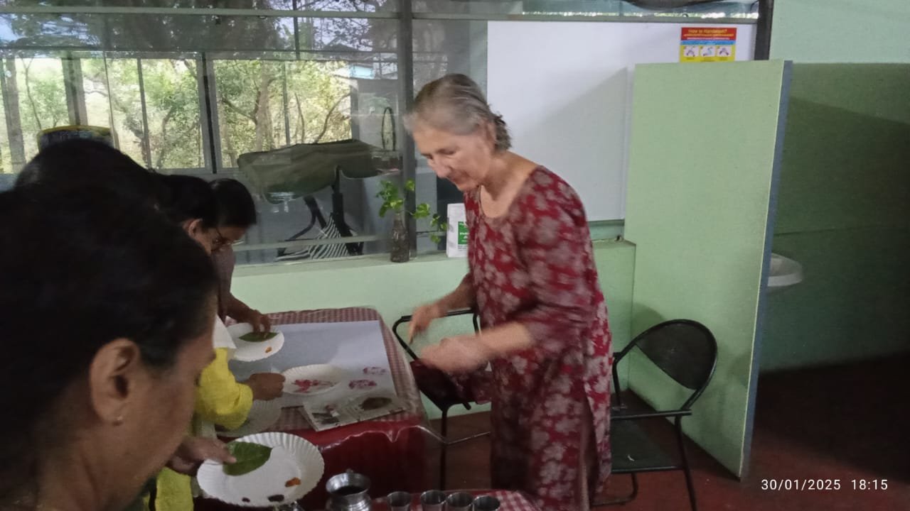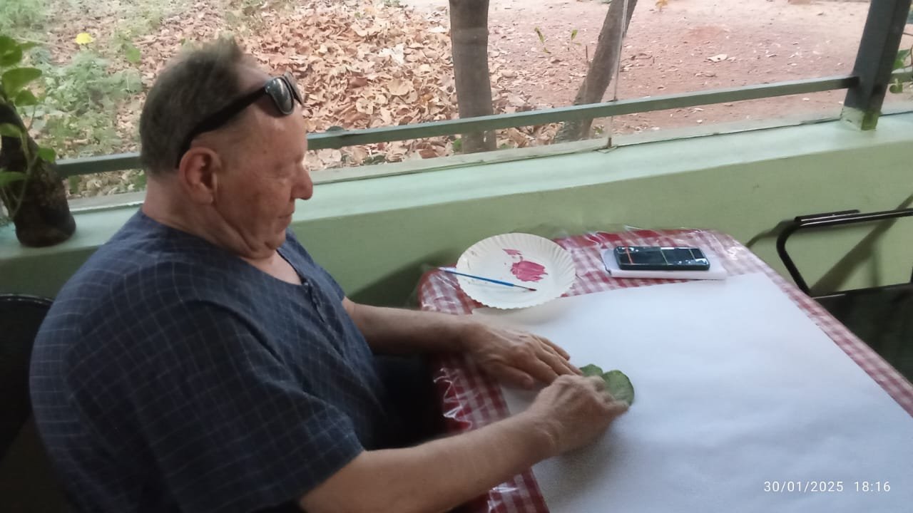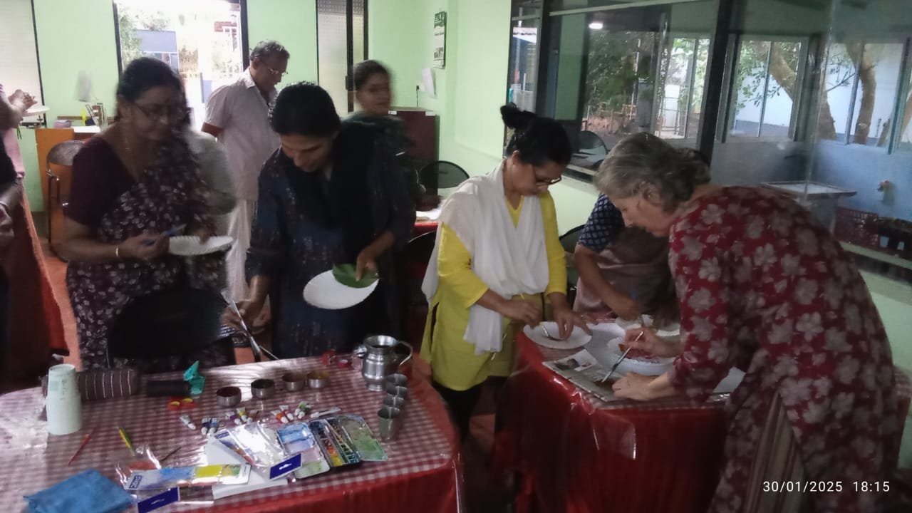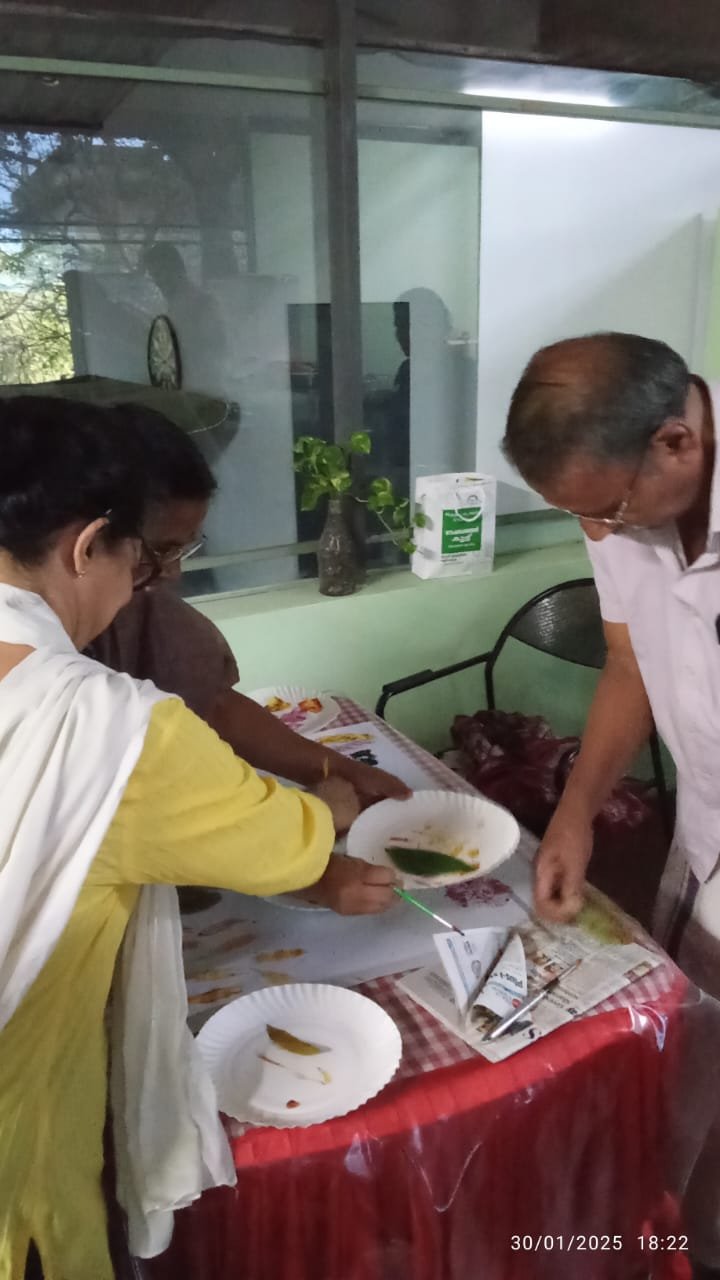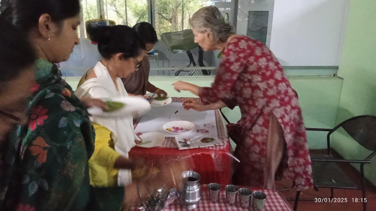 One such memorable session was led by Manuela Veccari, a longtime patron of Itoozhi Ayurveda and a dedicated participant in our annual treatment programs. She conducted a delightful painting workshop titled “I Am the Leaf”, where participants explored their creativity using watercolors and natural leaf samples to craft their own unique artwork.
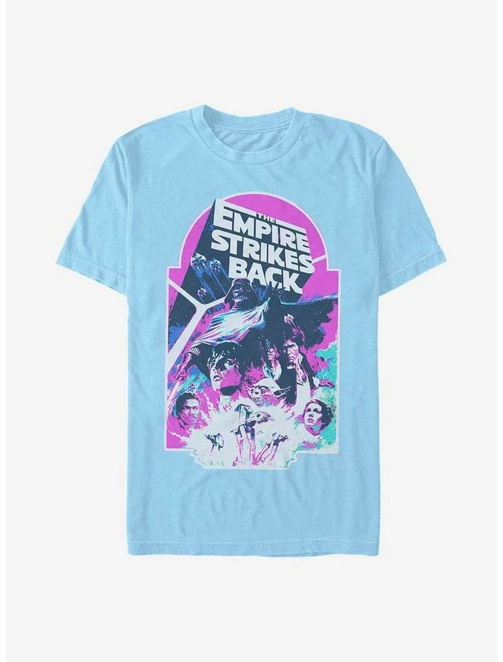The battle continues! This light blue graphic tee features a pink and teal front screen inspired by Star Wars: Episode V – The Empire Strikes Back featuring Luke Skywalker, Princess Leia, Han Solo, Lando Calrissian, Yoda, Darth Vader and more.
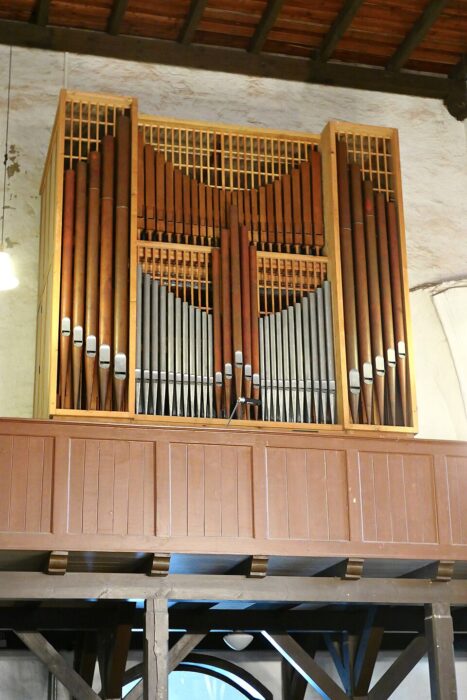 OBERWERK (C – g3) 56 TOETSEN: Gedackt 8′, Rohrflöte 4′, Oktave 2′, Sifflöte 1′, Zimbel 3 fach, Krummhorn 8′.
==================================================
● **What is required**
Restate the data above exactly, stripping out each image.

● **Exercise response**
 One such memorable session was led by Manuela Veccari, a longtime patron of Itoozhi Ayurveda and a dedicated participant in our annual treatment programs. She conducted a delightful painting workshop titled “I Am the Leaf”, where participants explored their creativity using watercolors and natural leaf samples to craft their own unique artwork.
The battle continues! This light blue graphic tee features a pink and teal front screen inspired by Star Wars: Episode V – The Empire Strikes Back featuring Luke Skywalker, Princess Leia, Han Solo, Lando Calrissian, Yoda, Darth Vader and more.
 OBERWERK (C – g3) 56 TOETSEN: Gedackt 8′, Rohrflöte 4′, Oktave 2′, Sifflöte 1′, Zimbel 3 fach, Krummhorn 8′.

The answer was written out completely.